Most controversial are
Forst’s over-the-top melodramas Mazurka and Die Sünderin
(The Sinner, shot in 1950 and released to violent protests and big
box-office in early 1951), a striking noirish silent film with Hildegard
Knef's voice-over commenting the plot, told in non-chronological
flashbacks. (It was Forst's old love Marlene who encouraged Knef to do the
film.) Mazurka is so over-the-top that Forst asked his composer
Peter Kreuder to use loud music in some scenes so that audience laughter
might be drowned out. As it turned out, this wasn't necessary. Audiences
were deeply moved. (As it happened, Kreuder was a former lover of
Marlene's as well.)
Because of some of her
spectacular off-screen antics, many people think of Pola Negri as a wildly
melodramatic, unsubtle actress. The opposite is the case. In this respect
her next-to-last German talkie, Nunzio Malasomma's Die Fromme Lüge
(The Noble Lie, shot from December 15, 1937 and released on March
25, 1938), is particularly revealing. It is a quiet melodrama to begin
with, too quiet to be exciting but likeable and modern as a result. Like
James M. Cain's Mildred Pierce, Pola's character is too generous to
her child, a son in this case, and doesn't know when to stop. She commits
a kind of cheque forgery to cover his debts (to be more exact, she signs a
contract and gets advance money without telling her impresario that she
has lost her singing voice after her son was nearly killed in a racing
accident), but all ends well. In the film's first minutes it is not
established that the young man is her son, and we are led to believe he's
her young lover.
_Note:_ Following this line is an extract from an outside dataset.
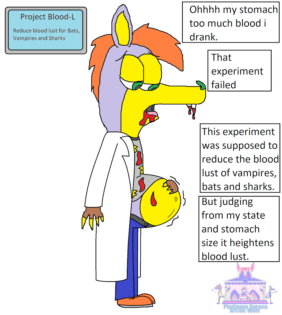 Professor B (Professor Blood) have been working on an experiment that reduces the blood lust of blood thirsty creatures mainly Vampires, Bats and Sharks but after a self test he wakes up with blood on his fangs, shirt and belly not only that but his tummy filled with blood and by the data he got this was a fail as it heightens blood lust instead of reducing it and now he must get back to work to make sure his experiment doesn't fail ever again

That's a fine idea carried out well.
The only other of
Pola's German talkies I have seen is Tango Notturno, which
reputedly was intended for Marlene Dietrich in case she might return to
Germany. (At Paramount, Dietrich had starred in Song of Songs and
the aborted Hotel Imperial, both remakes of Pola's silent films.)
The plot and structure are strongly reminiscent of Mazurka. Pola
was teamed up again with Albrecht Scohoenhals, her leading man in Mazurka,
and this time Pola is dead and Schoenhals is accused of murder
(instead of the other way around, as was the case in Mazurka).
Again a married woman visits a former lover, and her husband finds out and
rejects her; again she loses her voice and, worse than appearing in a
cabaret as in Mazurka, has to prostitute herself. Pola's first
minutes are arresting. In dark, wet streets reminiscent of Weimar cinema
at its best (the art director Erich Czerwonski had repeatedly worked with
the great German director F.W. Murnau in the 1920s), Schoenhals follows a
mysterious woman who gets nervous and flees. Needless to say, it's Pola.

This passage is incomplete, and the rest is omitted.